1. The Complaint in this action states that Gennady was forced to resign in November 2012 after the fraudulent transactions were discovered. (Compl. ¶ 47.) The complaint in the 2013 action, however, provides that Gennady's resignation was the result of the misappropriation of other funds and was effective on October 31, 2012, and prior to the discovery of the improper credit card payments. See Compl. ¶ 39, 2013 Action. Therefore, the Court need not accept as true Plaintiffs' allegation that Gennady resigned due to the discovery of the fraudulent credit card transactions. See Mullis v. United States Bankr. Ct., 828 F.2d 1385, 1388 (9th Cir. 1987).
2. As discussed below, the Court need not interpret the terms of the Settlement Agreement to resolve the instant motion. See discussion infra Part III.B.
3. At the hearing, Plaintiffs, in addition to providing an inaccurate citation, erroneously stated that the parties cited to this case in their moving papers. They did not.

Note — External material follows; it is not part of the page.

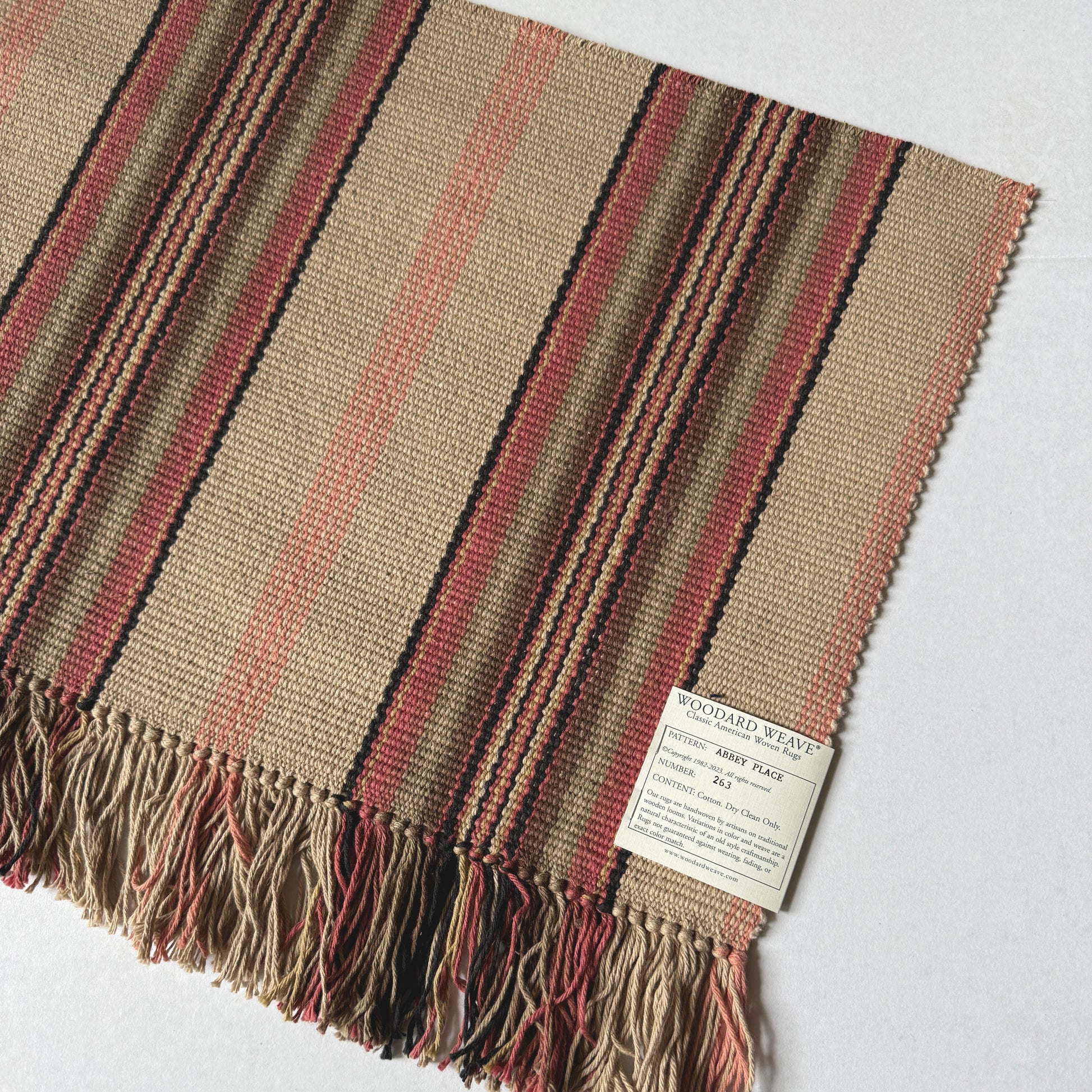 Abbey Place #263 - Salmon, sage, cocoa, brown stripes on tan background.

4. The Court notes that the Ninth Circuit's holding in ITT Rayonier is unfavorable to Plaintiffs' position, as the court found that privity existed between the Washington Department of Energy (DOE) and the U.S. Environmental Protection Agency (EPA), such that the EPA was estopped from litigating the same issue against ITT Rayonier in federal court that DOE had previously litigated in state court. 627 F.2d at 998.